16 KiB
| name | description |
|---|---|
| qa | QA test your code changes by reading your git diff, choosing the right validation path for frontend/browser and backend changes, and reporting pass/fail with evidence. |
QA — Validate Frontend and Backend Changes
Read the diff, classify what changed, and run the right validation path: browser QA for frontend/browser changes, API validation for backend surface changes, repo-native validation for backend-internal changes, and both for mixed changes.

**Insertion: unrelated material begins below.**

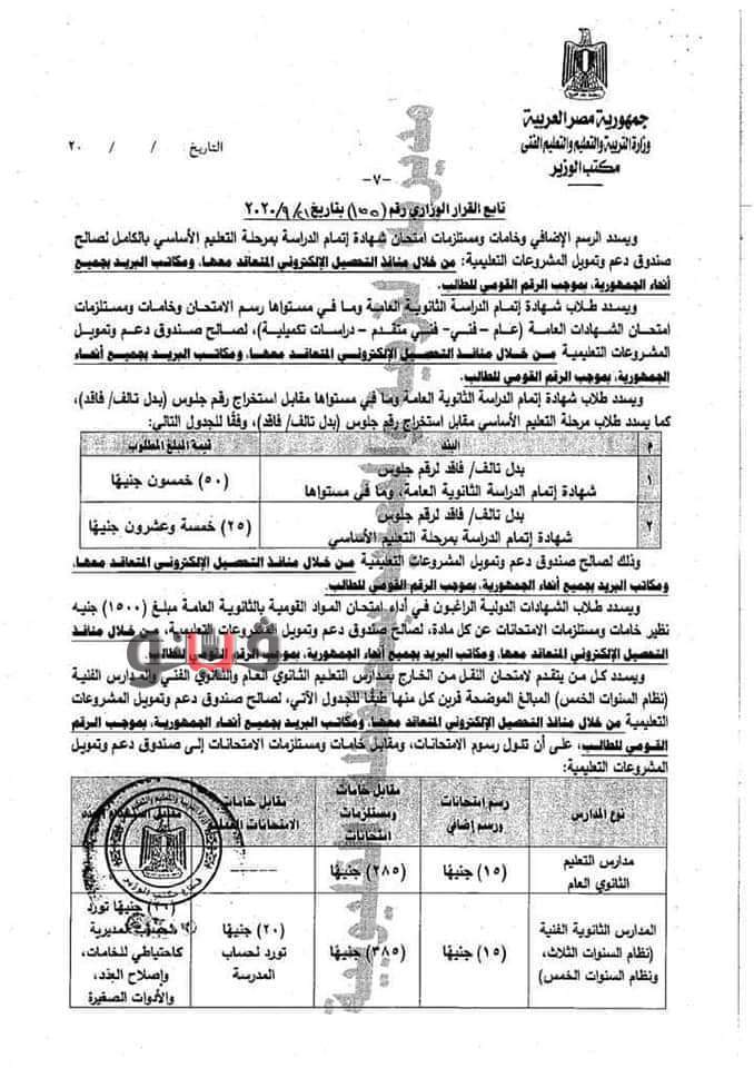 وأشارت الوزارة إلى أنه سيتم السداد بالبريد أو فوري بالرقم القومي للطالب لحساب صندوق دعم وتمويل المشروعات.

You changed code. This skill is diff-driven first: it reads what changed, understands the affected behavior, and validates that behavior with the right tools. It is not a generic website crawler, and it should not invent random API checks that are unrelated to the diff.
Quick Start
/qa # Diff-based: choose the right validation path automatically
/qa http://localhost:3000 # Same, explicit frontend URL
/qa -- validate the workflow filters API
How It Works
- Read the code changes from
git diff - Read the changed files to understand behavior, routes, schemas, and UI
- Classify the diff as
frontend/browser,backend API,backend-internal, ormixed - Run the right validation flow
- Report pass/fail with concrete evidence
Step 1: Understand the Changes
Get the diff
# What files changed?
git diff --name-only HEAD~1 # vs last commit (if changes are committed)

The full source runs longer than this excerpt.